This repository contains a project for predicting house prices using multiple regression techniques and machine learning models, including boosting algorithms. The goal is to train several models on historical house price data and evaluate their performance using the R² score.
House-Price-Using-Boosting-Technique
The following models were used for training and testing:
LinearRegression
: Simple linear regression model.LogisticRegression
: Logistic regression model, used incorrectly for regression tasks (should be used for classification).DecisionTreeRegressor
: Tree-based regression model for making predictions by splitting the data based on features.RandomForestRegressor
: Ensemble of decision trees that averages their predictions to improve accuracy and control overfitting.GradientBoostingRegressor
: Gradient boosting model that sequentially improves the performance by focusing on errors made by previous models.
- Split the dataset into training and testing sets.
- Fit each model on the training data.
- Make predictions on the test data.
- Calculate the R² score to evaluate model performance.
- Visualize the actual vs predicted values for each model.

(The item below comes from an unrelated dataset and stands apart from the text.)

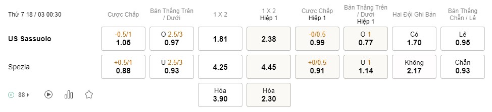 Tỉ lệ kèo Sassuolo vs Spezia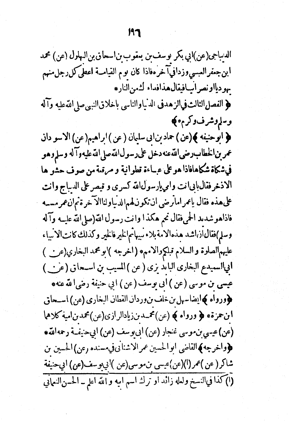 (أبو حنيفة) (عن) حماد بن أبي سليمان (عن) إبراهيم (عن) الأسود أن عمر بن الخطاب رضي الله عنه دخل على رسول الله صلى الله عليه وآله وسلم وهو في شكاة شكاها فإذا هو على عباءة قطوانية ومرقعة من صوف حشوها الأذخر فقال بأبي أنت وأمي يا رسول الله كسرى وقيصر على الديباج وأنت على هذه فقال يا عمر أما ترضى أن تكون لهم الدنيا ولنا الآخرة ثم إن عمر مسه فإذا هو شديد الحمى فقال تحم هكذا وأنت رسول الله (صلى الله عليه وآله وسلم) فقال إن أشد هذه الأمة بلاء نبيها ثم الخير فالخير وكذلك كانت الأنبياء عليهم الصلاة والسلام قبلكم والأمم* (أخرجه) أبو محمد البخاري (عن) أبي السميدع البخاري البابديزي (عن) المسيب بن إسحاق (عن) عيسى بن موسى (عن) أبي يوسف (عن) أبي حنيفة رضي الله عنه*

Here is the code snippet for training and evaluating the models:
import matplotlib.pyplot as plt
import seaborn as sns
from sklearn.linear_model import LinearRegression, LogisticRegression
from sklearn.tree import DecisionTreeRegressor
from sklearn.ensemble import RandomForestRegressor, GradientBoostingRegressor
from sklearn.metrics import r2_score
# Define models
models = {
'LinearRegression': LinearRegression(),
'LogisticRegression': LogisticRegression(),
'DecisionTreeRegressor': DecisionTreeRegressor(),
'RandomForestRegressor': RandomForestRegressor(),
'GradientBoostingRegressor': GradientBoostingRegressor()
}
# Train and evaluate models
for name, model in models.items():
model.fit(X_train, y_train) # Fit the model
y_pred = model.predict(X_test) # Make predictions
acc_score = r2_score(y_test, y_pred) # Calculate R² score
print(f'-------------Model {name}-------------')
print('Accuracy --: ', acc_score)
# Plot actual vs predicted values
plt.figure(figsize=(10, 6))
sns.scatterplot(x=y_test, y=y_pred)
plt.plot([y_test.min(), y_test.max()], [y_test.min(), y_test.max()], color='red', linestyle='--')
plt.xlabel('Actual Values')
plt.ylabel('Predicted Values')
plt.title(f'Actual vs Predicted for {model}')
plt.show()
- R² Score: This metric is used to measure the accuracy of each model. The closer the value is to 1, the better the model fits the data.
- Visualization: Each model's performance is visualized using a scatter plot, showing the relationship between actual and predicted values.
To run this project, you need to have the following Python libraries installed:
pip install numpy pandas scikit-learn matplotlib seaborn
-
Clone the repository:
git clone https://github.com/alihassanml/House-Price-Using-Boosting-Technique.git
-
Navigate to the project directory:
cd House-Price-Using-Boosting-Technique
-
Run the Python script to train the models and visualize the results.
This project implements and compares different machine learning models to predict house prices. You can easily modify the dataset or models to experiment with different techniques and improve performance.
This project is licensed under the MIT License.